Fuel Efficiency - Regression Analysis
Data Mining and Business Analytics with R
This example shows a very simple regression analysis using fuel data of 38 cars. Code is copied from the book “Data Mining and Business Analytics with R” with minor modification on the graphs.
There are 2 learning points to be remembered with this example.
Leaps package with regsubsets fuction.
Regsubsets function allows to perform regression on subsets of data, particularly useful to compare across model’s predictors to understand the fit of the model.
https://www.rdocumentation.org/packages/leaps/versions/2.1-1/topics/regsubsets
Cross-Validation
Cross-validation removes one case from the data set of n cases, fits the model to the reduced data set, and predicts the response of that one case that has been removed from the estimation. This is repeated for each of the n cases. The summary statistics of the n genuine out-of-sample prediction errors (mean error, root mean square error, mean absolute percent error) help us assess the out-of-sample prediction performance. Cross-validation is very informative as it evaluates the model on new data. We find that the model with all six regressors performs better. It leads to a mean absolute percent error of about 6.75% (as compared to 8.23% for the model with weight as the only regressor).
> FuelEff
GPM WT DIS NC HP ACC ET
1 5.917 4.360 350 8 155 14.9 1
2 6.452 4.054 351 8 142 14.3 1
3 5.208 3.605 267 8 125 15.0 1
4 5.405 3.940 360 8 150 13.0 1
5 3.333 2.155 98 4 68 16.5 0
6 3.636 2.560 134 4 95 14.2 0
7 3.676 2.300 119 4 97 14.7 0
8 3.236 2.230 105 4 75 14.5 0
9 4.926 2.830 131 5 103 15.9 0
10 5.882 3.140 163 6 125 13.6 0
11 4.630 2.795 121 4 115 15.7 0
12 6.173 3.410 163 6 133 15.8 0
13 4.854 3.380 231 6 105 15.8 0
14 4.808 3.070 200 6 85 16.7 0
15 5.376 3.620 225 6 110 18.7 0
16 5.525 3.410 258 6 120 15.1 0
17 5.882 3.840 305 8 130 15.4 1
18 5.682 3.725 302 8 129 13.4 1
19 6.061 3.955 351 8 138 13.2 1
20 5.495 3.830 318 8 135 15.2 1
21 3.774 2.585 140 4 88 14.4 0
22 4.566 2.910 171 6 109 16.6 1
23 2.933 1.975 86 4 65 15.2 0
24 2.849 1.915 98 4 80 14.4 0
25 3.650 2.670 121 4 80 15.0 0
26 3.175 1.990 89 4 71 14.9 0
27 3.390 2.135 98 4 68 16.6 0
28 3.521 2.670 151 4 90 16.0 0
29 3.472 2.595 173 6 115 11.3 1
30 3.731 2.700 173 6 115 12.9 1
31 2.985 2.556 151 4 90 13.2 0
32 2.924 2.200 105 4 70 13.2 0
33 3.145 2.020 85 4 65 19.2 0
34 2.681 2.130 91 4 69 14.7 0
35 3.279 2.190 97 4 78 14.1 0
36 4.545 2.815 146 6 97 14.5 0
37 4.651 2.600 121 4 110 12.8 0
38 3.135 1.925 89 4 71 14.0 0
CODE
## first we read in the data
FuelEff <- read.csv("https://www.biz.uiowa.edu/faculty/jledolter/DataMining/FuelEfficiency.csv")

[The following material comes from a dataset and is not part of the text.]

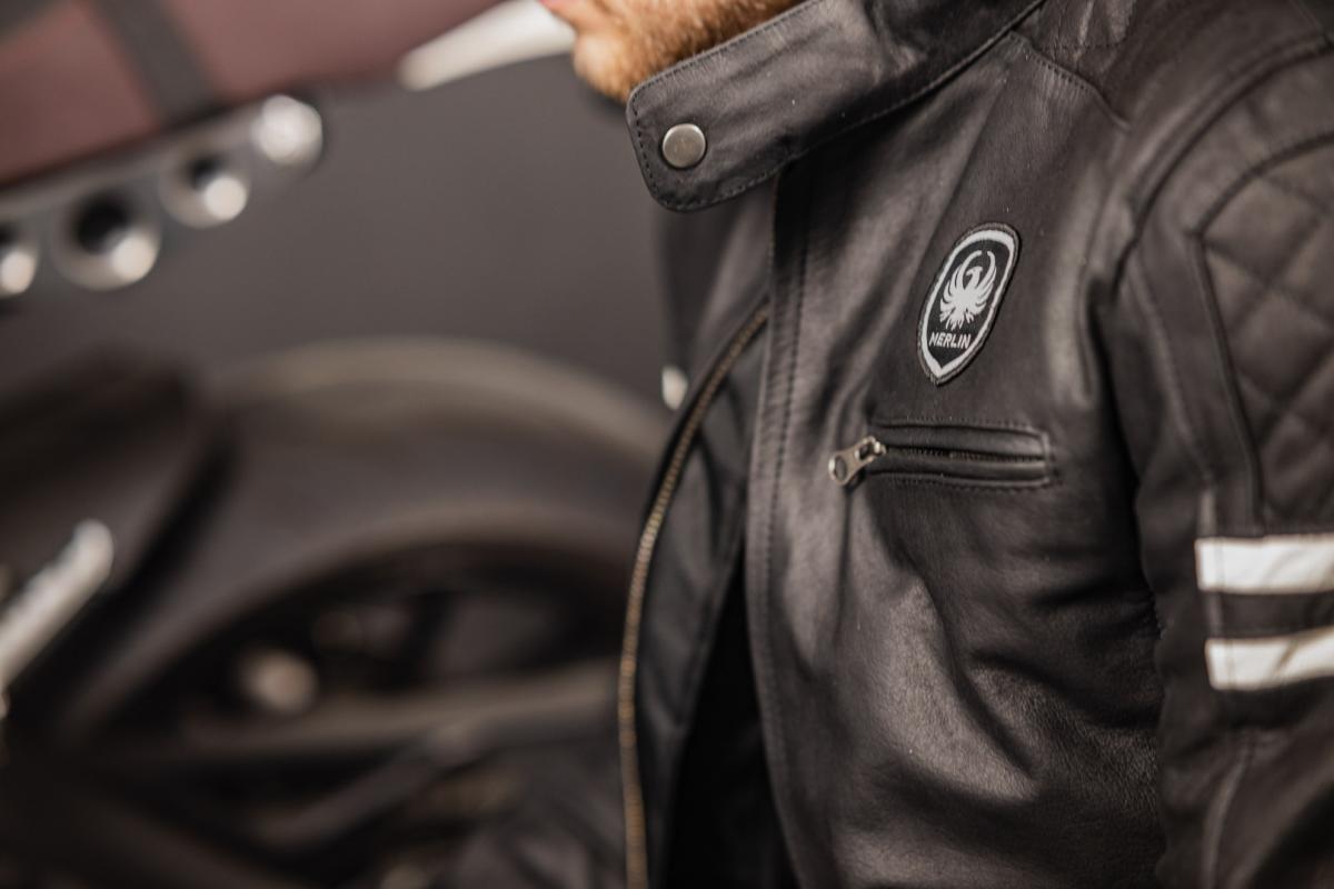 The first thing you’ll notice is just how unique the outer leather feels and looks. This is because the Aniline treatments allows for a very natural visible grain and feel with a matt finish. Merlin has strived to keep a retro look through the style of jacket; the cut, patterns, colours but bring it into the modern world and make the most of modern manufacturing and technology.

#FuelEff <- read.csv("FuelEfficiency.csv")
FuelEff
#----------------------------
plot.new()
#par(mfrow=c(1,1))
par(mar=c(4,4,1,1)+0.1,mfrow=c(3,3),bg="white",cex = 1, cex.main = 1)
plot(GPM~MPG,data=FuelEff)
plot(GPM~WT,data=FuelEff)
plot(GPM~DIS,data=FuelEff)
plot(GPM~NC,data=FuelEff)
plot(GPM~HP,data=FuelEff)
plot(GPM~ACC,data=FuelEff)
plot(GPM~ET,data=FuelEff)
dev.copy(png,'fueleff_xyplot.png',width = 800, height = 800)
dev.off()
FuelEff=FuelEff[-1] #ignore the MPG column
FuelEff
## regression on all data
m1=lm(GPM~.,data=FuelEff)
summary(m1)
cor(FuelEff)
## best subset regression in R
library(leaps)
X=FuelEff[,2:7]
y=FuelEff[,1]
#use the regsubsets function from package leaps to compute regression of the subsets
#https://www.rdocumentation.org/packages/leaps/versions/2.1-1/topics/regsubsets
out=summary(regsubsets(X,y,nbest=2,nvmax=ncol(X)))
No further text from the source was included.